Unfortunately, on specific Jetson modules we observe system freezes caused by kernel crashes which we cannot explain.
Here are some observations we’ve collected so far. I would be glad it would turn out to be a known issue and you could point us to a solution or a workaround.

The kernel crash message is always “Unable to handle kernel paging request at virtual address” and “address between user and kernel address ranges”
See attached snippet for an example.
The errors occur at seemingly random time points, usually around 1-3 minutes into Linux uptime, and the message contains PIDs of seemingly random userspace programs.
crash_message.txt (5.0 KB)
The sporadic crashes occur with some Jetson modules reproducibly (after a random number of reboots), on some others not at all.
We have also confirmed the dependency on the specific modules by cross-exchanging the modules and carriers in scenarios like this:
Jetson “A”, carrier “A” → crashes occur
Jetson “B”, carrier “B” → No crashes
Jetson “A”, carrier “B” → crashes occur
Jetson “B”, carrier “A” → No crashes

We have lists of serial numbers for at least 4 Jetson modules that are prone to crashes, and another 4 that run without such issues. I gave those lists to our Nvidia contact person who suggested that I write this forum post.
We see a correlation between the crashes and silkscreen printing on the Jetson PCBs. Maybe the correlation is just a coincidence but those modules that are prone to crashes all have a “A13” printed on them (e.g. “180-13767-DAAA-A13”), and all of those having a “A23” there (i.e. “180-13767-DAAA-A23”) run without issues. However, there are also modules labelled with “A13” and still not showing the crashing issue.
We have seen the PCN210361 announcing the change of DRAM in the BOM. According to that document it should be sufficient to use BSP 36.1 from Jetpack 6.0 for achieving the compatibility with all board versions, and we use Jetpack 6.1 with BSP v36.4.0.
We have been using modules with both of the two marking variants without the DRAM part encoded in the 2D barcode, and those with this information - according to PCN210341. In our observations, only those modules were affected that did not have the DRAM information in the barcode.

Thanks in advance for any hint that could lead us to a solution!

nagesh_accord · April 8, 2025, 10:24am

For r R36.3.0, it’s kernel version is 5.15.120 officially ?

alexander.knaub · April 8, 2025, 11:18am

Yes, and for R36.4.0 it is 5.15.148.
We made use of the “Bring your own kernel” option though and applied the necessary patches, in accordance with this reference: Bring Your Own Kernel — NVIDIA Jetson Linux Developer Guide 1 documentation.

kurt.kiefer · April 10, 2025, 2:35am

Just chiming in here to say I’ve got the exact same problem (some boots are ok, some are randomly crashy, always starting with allocation fails downstream of nvgpu), and also on an Orin NX 8GB module with both kernels 6.6 and 6.12 on top of 36.4.0. I don’t see this with an Orin AGX 64GB or with NVIDIA’s 5.15 kernel.

I’ve got two NX modules on my desk, one is an A13 (the one that crashes), the other is an A23, - that’s a 16 GB module.
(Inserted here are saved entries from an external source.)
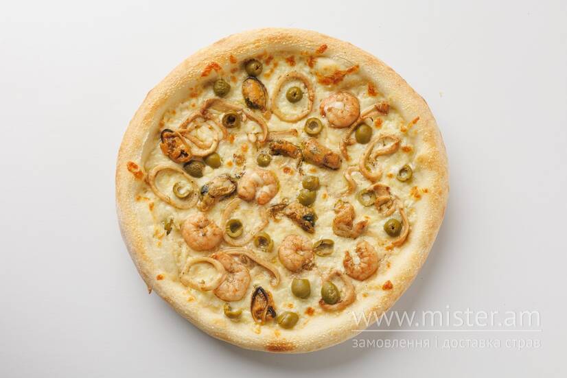 Вершкова моцарела, морські жителі: креветки, мідії, кальмари, пряні оливки, жирні вершки, смачне тісто, італійський соус пілаті з орегано.
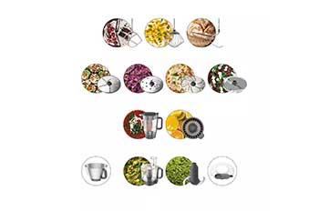 Η συσκευασία περιλαμβάνει ανοξείδωτο μπολ 4,3L με χερούλι, καπάκι προστασίας από πιτσιλίσματα, αναδευτήρα Κ, ανοξείδωτο σύρμα χτυπήματος και γάντζο ζύμης, καθώς και επιπλέον εξαρτήματα όπως blender 1.5L, λεμονοστύφτη και κόφτη τροφίμων 1.2L με ανοξείδωτες λεπίδες και 3 δίσκους κοπής, για να ετοιμάζεις εύκολα πολλές διαφορετικές παρασκευές στην κουζίνα.
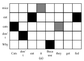 注意,问题和回答中的单词都是按照原始顺序摆放的,这使得当问题和回答中有相同或相似序列时,矩阵中Cosine相似度的分布会呈现一定的规律性。
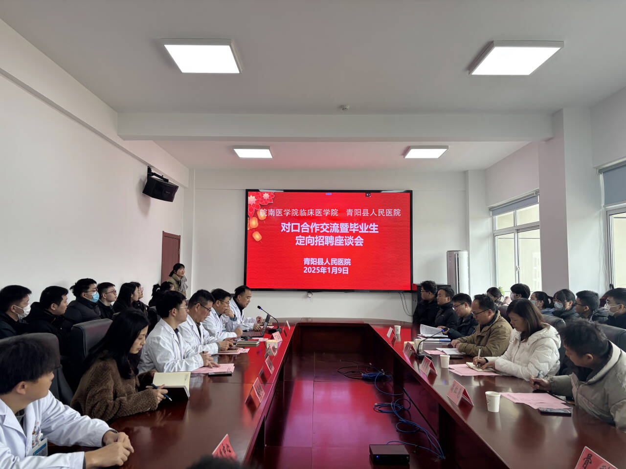 为深入开展访企拓岗工作,拓宽就业渠道,促进人才培养与就业工作有效对接,1月9日下午,临床医公司党委书记方基勇、党委副书记陶香香赴青阳县人民医院开展访企拓岗专项行动,毕业班辅导员及27名2025届临床医学专业毕业生一同前往。
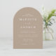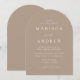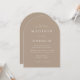 Presentera din bröllopsdag med understatement och elegans med våra minimalistiska och moderna bröllopsinbjudningar, där dina detaljer framträder i krispig vit text kombinerad med ett raffinerat kalligrafiskt typsnitt. Mot en neutral taupebakgrund ger dessa inbjudningar en tidlös och sofistikerad estetik. Den samtida bågformen tillför en unik och stilren touch, vilket gör dessa taupebröllopsinbjudningar perfekta för bröllop under alla årstider. Oavsett om du planerar en chic modern fest eller ett rustikt inspirerat evenemang, sätter dessa inbjudningar vackert tonen för din oförglömliga dag.
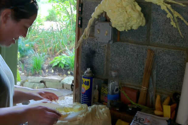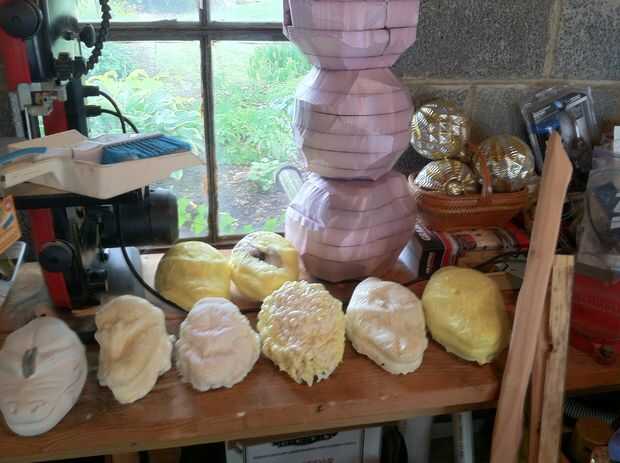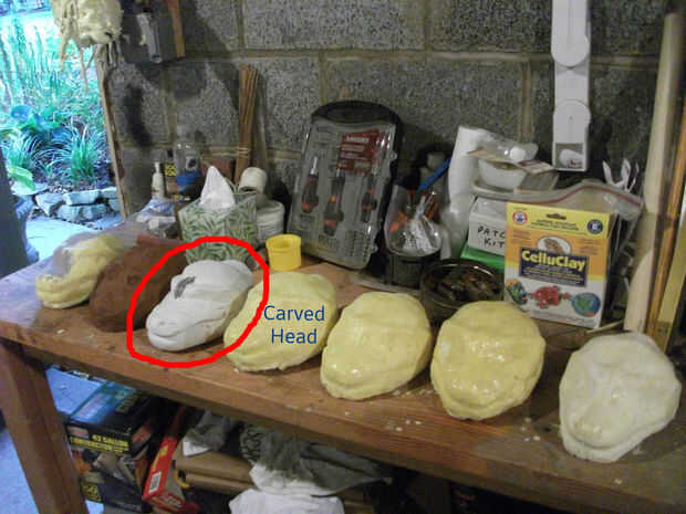 Las varias cabezas en la foto son diferentes tipos de expansión de espuma. He probado todos los tipos para ver que se hace el mejor elenco. Como veis en la foto algunos de los tipos de espuma no llevó a cabo su forma bien. Me terminó gustando la espuma Window & Door (el azul puede de cosas grandes) el mejor y terminó el resto de los jefes en eso. Las cabezas más amarillas (los dos en la espalda) y en el lado opuesto de la cabeza tallada original son la espuma, ventana y puerta.
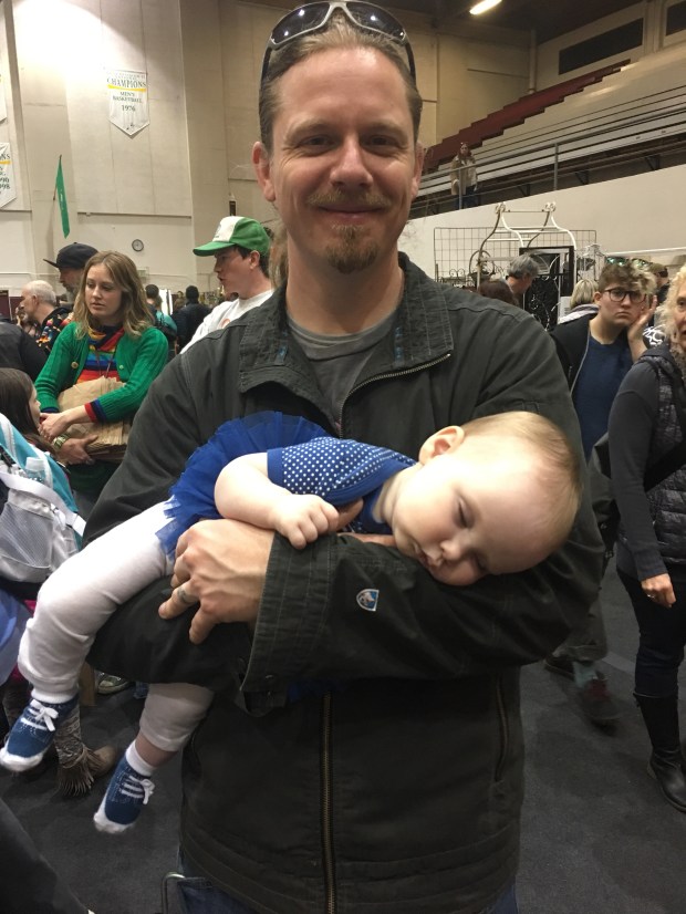 Swap meets are just too much – plus Uncle Travis made the BEST pillow (she slept like this for about 45 mins. Snoring, drooling, the whole shebang)
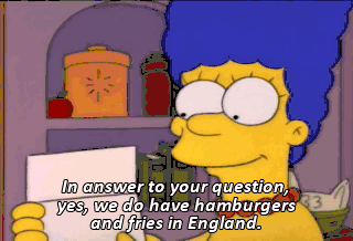 In answer to your question, yes, we do have hamburgers and fries in England.
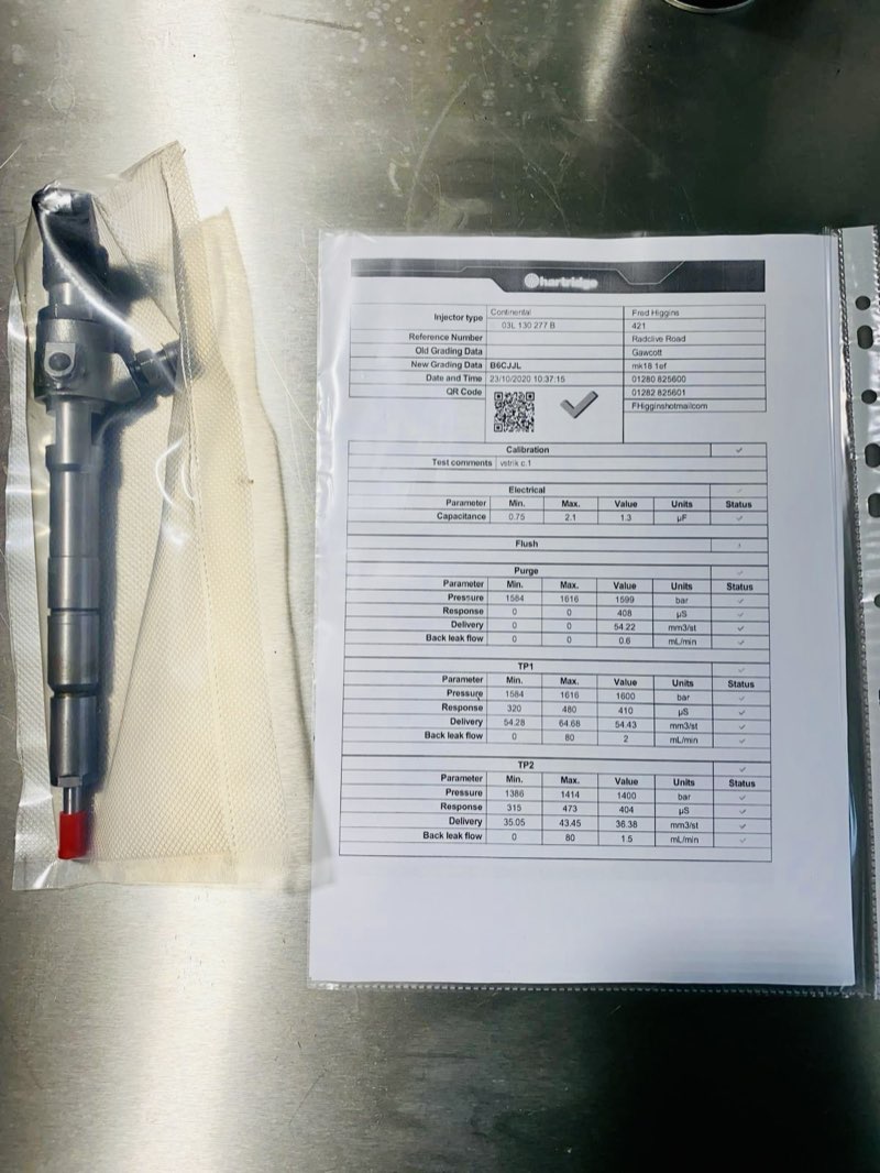Na všechny opravy a repasované vstřikovače poskytujeme standardní záruku 12 měsíců. Záruka se vztahuje pouze za splnění požadavků výrobce a dodržení postupů stanovených výrobcem dané palivové soustavy.

I’m set up only for the 8 GB module SKUs, so I haven’t been able to test the 16 GB module yet.

kurt.kiefer · April 14, 2025, 3:41pm

Update: I also wasn’t able to reproduce this issue with the A23 (16 GB) Orin module. It’s only a problem on the 8 GB Orin module.

alexander.knaub · April 14, 2025, 3:54pm

Hello!

We have some more insights now, which I’d like to share.
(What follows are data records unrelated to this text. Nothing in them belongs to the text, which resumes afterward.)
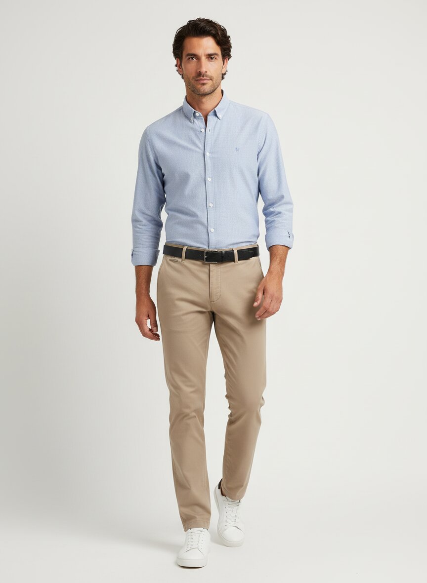 Die Lou besticht durch ihre Ceramica®-Baumwollmischung, die Keramikpartikel ins Gewebe einarbeitet und so natürliche Temperaturregulation bietet. Das Material aus 63 % Baumwolle, 32 % Polyester und 5 % Elasthan liegt geschmeidig an und behält auch nach häufigem Waschen seine Form. Im Regular Fit präsentiert sich die Chino als vielseitiger Business-Begleiter, der auch am Wochenende elegante Lässigkeit ausstrahlt. Die praktischen seitlichen Einschubtaschen und geknöpften Gesäßtaschen runden das durchdachte Design ab, während die OEKO-TEX®-Zertifizierung für hautfreundliche Qualität bürgt. ALBERTO perfektioniert seit über 100 Jahren die Hosenkunst mit technischer Präzision – die Lou verkörpert diese Ingenieurskunst im dezenten Beige-Ton für jeden Tag.Unser Tipp: Kombinieren Sie die Chino mit einem cremefarbenen Leinenhemd und cognacfarbenen Loafern für einen mühelosen Smart-Casual-Look, der von Büro bis Dinner funktioniert.
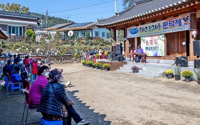 [증평=뉴시스] 강신욱 기자 = 솔마루예술봉사단이 23일 충북 증평군 증평읍 남하리 증평민속체험박물관에서 열린 1회 북치고 장구치는 둔덕제에서 방문객들이 관람하는 가운데 공연하고 있다. (사진=증평군 제공) 2021.10.23. photo@newsis.com
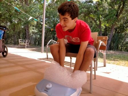 Seguint amb el projecte d’experimentació de textures, hem aprofitat aquests dies de calor per fer una activitat a l’aire lliure. Toquem l’escuma, ens refresquem els peus, sentim les vibracions de l’aparell. Han estat unes estones relaxants, divertides i refrescants.
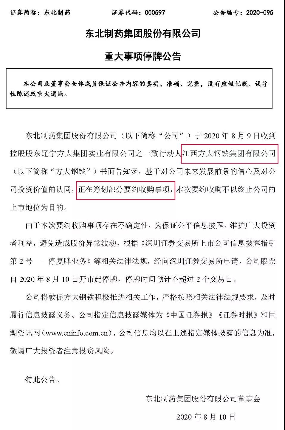 8月10日,東北制藥發(fā)布《重大事項(xiàng)停牌公告》(以下簡稱“《公告》”)。

The crashes also occur on some Orin 8GB modules with an “A23” in the silkscreen label.
Still, the crashes still seem to occur only on a subset of the modules.
I have built a Kernel 6.6. with some memory-related debugging options, including the kernel address sanitizer (KAZAN).
Now, during each startup on a affected Orin module, a bug report is printed by KASAN, see attached kazan_bugreport.txt
kasan_bugreport.txt (4.8 KB)

This bugreport is not printed on an Orin module that is not prone to kernel crashes reported on the original post.

BUG: KASAN: slab-out-of-bounds in nvgpu_gr_config_init+0x1468/0x1df8 [nvgpu]
[   17.210205] BUG: KASAN: slab-out-of-bounds in nvgpu_gr_config_init+0x1468/0x1df8 [nvgpu]
[   17.211220] Write of size 8 at addr ffff000090c5bf40 by task nvpmodel/934
[   17.211414] 
[   17.211462] CPU: 0 PID: 934 Comm: nvpmodel Tainted: G           O       6.6.23-<our_kernel_branch> #1
[   17.212944] Hardware name: <Our machine> with Orin NX 8 GB/Jetson, BIOS v36.4.0 10/01/2024
[   17.217289] Call trace:
...
[   17.241437]  nvgpu_gr_config_init+0x1468/0x1df8 [nvgpu]
[   17.246687]  gr_init_support_impl+0x120/0x6a8 [nvgpu]
[   17.251850]  nvgpu_gr_init_support+0x148/0x348 [nvgpu]
...
[   17.489325] The buggy address belongs to the object at ffff000090c5bf38
[   17.489325]  which belongs to the cache kmalloc-8 of size 8
[   17.501050] The buggy address is located 0 bytes to the right of
[   17.501050]  allocated 8-byte region [ffff000090c5bf38, ffff000090c5bf40)
...

I have tried to track the origin of the reported issue, and it looks like it occurs in this line
https://nv-tegra.nvidia.com/r/gitweb?p=linux-nvgpu.git;a=blob;f=drivers/gpu/nvgpu/common/gr/gr_config.c;h=c86bba610c6b1aa57da81824a0128a104e3cd0ae;hb=8a0a5345705e069e398a79dbcba96c5db54a37f1#l699
(apparently same code in BSP 36.4.0 and 36.4.4)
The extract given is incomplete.